### WORK TO COMPLETE
The entries below contain a line with "Travel to relax, work, and" and a line with "11月1日,马钢长材事业部职". Retype exactly everything from the first down to the second, both included, and nothing else.

### DATA FOR PROCESSING
• • • • •

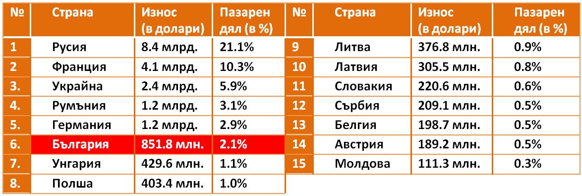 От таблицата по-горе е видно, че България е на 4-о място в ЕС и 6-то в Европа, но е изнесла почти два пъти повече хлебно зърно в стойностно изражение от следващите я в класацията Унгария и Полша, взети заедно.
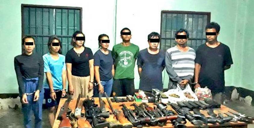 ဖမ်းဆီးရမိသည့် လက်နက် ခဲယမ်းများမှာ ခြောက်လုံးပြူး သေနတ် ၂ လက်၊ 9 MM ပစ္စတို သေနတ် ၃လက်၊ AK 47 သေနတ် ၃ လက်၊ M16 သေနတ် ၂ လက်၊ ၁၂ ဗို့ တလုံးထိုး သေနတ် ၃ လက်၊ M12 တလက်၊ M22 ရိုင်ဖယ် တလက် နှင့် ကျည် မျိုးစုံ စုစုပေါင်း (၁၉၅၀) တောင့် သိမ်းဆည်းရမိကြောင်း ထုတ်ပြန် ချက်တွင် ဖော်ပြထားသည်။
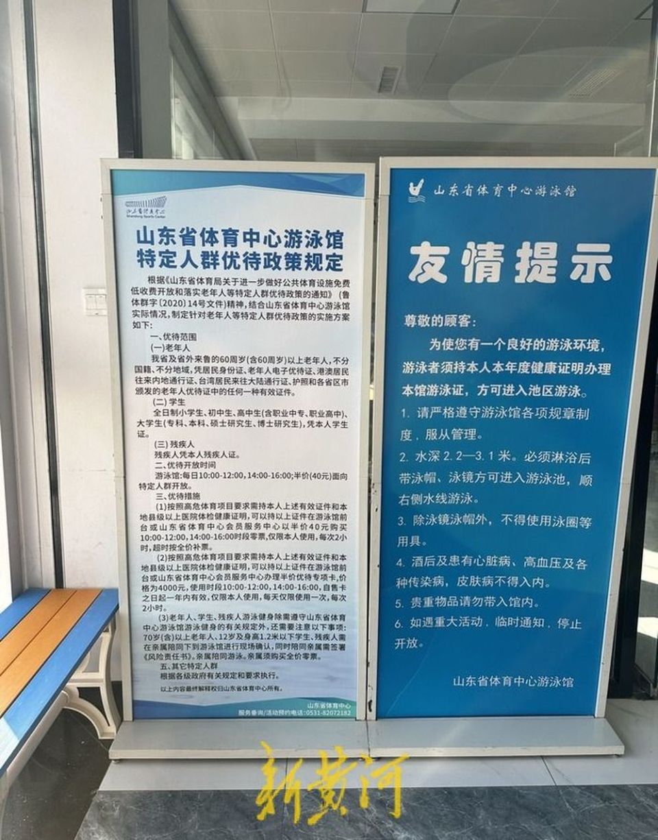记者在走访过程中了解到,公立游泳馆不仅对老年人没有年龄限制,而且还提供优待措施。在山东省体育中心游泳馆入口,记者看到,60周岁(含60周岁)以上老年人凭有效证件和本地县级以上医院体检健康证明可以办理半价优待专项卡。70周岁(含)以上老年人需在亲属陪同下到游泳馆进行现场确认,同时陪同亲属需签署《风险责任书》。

• • • • •

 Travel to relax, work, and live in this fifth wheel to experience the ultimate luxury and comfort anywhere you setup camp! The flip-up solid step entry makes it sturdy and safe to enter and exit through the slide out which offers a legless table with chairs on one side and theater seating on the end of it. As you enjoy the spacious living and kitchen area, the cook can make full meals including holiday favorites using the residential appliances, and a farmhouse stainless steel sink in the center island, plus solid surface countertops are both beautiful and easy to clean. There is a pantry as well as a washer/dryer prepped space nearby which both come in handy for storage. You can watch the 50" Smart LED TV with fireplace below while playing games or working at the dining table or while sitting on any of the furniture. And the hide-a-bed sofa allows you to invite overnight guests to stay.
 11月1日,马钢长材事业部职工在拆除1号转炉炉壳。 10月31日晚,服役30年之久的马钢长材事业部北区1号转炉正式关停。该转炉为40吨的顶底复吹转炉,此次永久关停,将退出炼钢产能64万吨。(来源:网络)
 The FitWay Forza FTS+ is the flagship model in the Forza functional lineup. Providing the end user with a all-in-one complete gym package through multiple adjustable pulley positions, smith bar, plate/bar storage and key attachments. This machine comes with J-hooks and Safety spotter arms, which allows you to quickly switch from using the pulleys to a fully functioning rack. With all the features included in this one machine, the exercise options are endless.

• • • • •

### TASK SOLUTION
 Travel to relax, work, and live in this fifth wheel to experience the ultimate luxury and comfort anywhere you setup camp! The flip-up solid step entry makes it sturdy and safe to enter and exit through the slide out which offers a legless table with chairs on one side and theater seating on the end of it. As you enjoy the spacious living and kitchen area, the cook can make full meals including holiday favorites using the residential appliances, and a farmhouse stainless steel sink in the center island, plus solid surface countertops are both beautiful and easy to clean. There is a pantry as well as a washer/dryer prepped space nearby which both come in handy for storage. You can watch the 50" Smart LED TV with fireplace below while playing games or working at the dining table or while sitting on any of the furniture. And the hide-a-bed sofa allows you to invite overnight guests to stay.
 11月1日,马钢长材事业部职工在拆除1号转炉炉壳。 10月31日晚,服役30年之久的马钢长材事业部北区1号转炉正式关停。该转炉为40吨的顶底复吹转炉,此次永久关停,将退出炼钢产能64万吨。(来源:网络)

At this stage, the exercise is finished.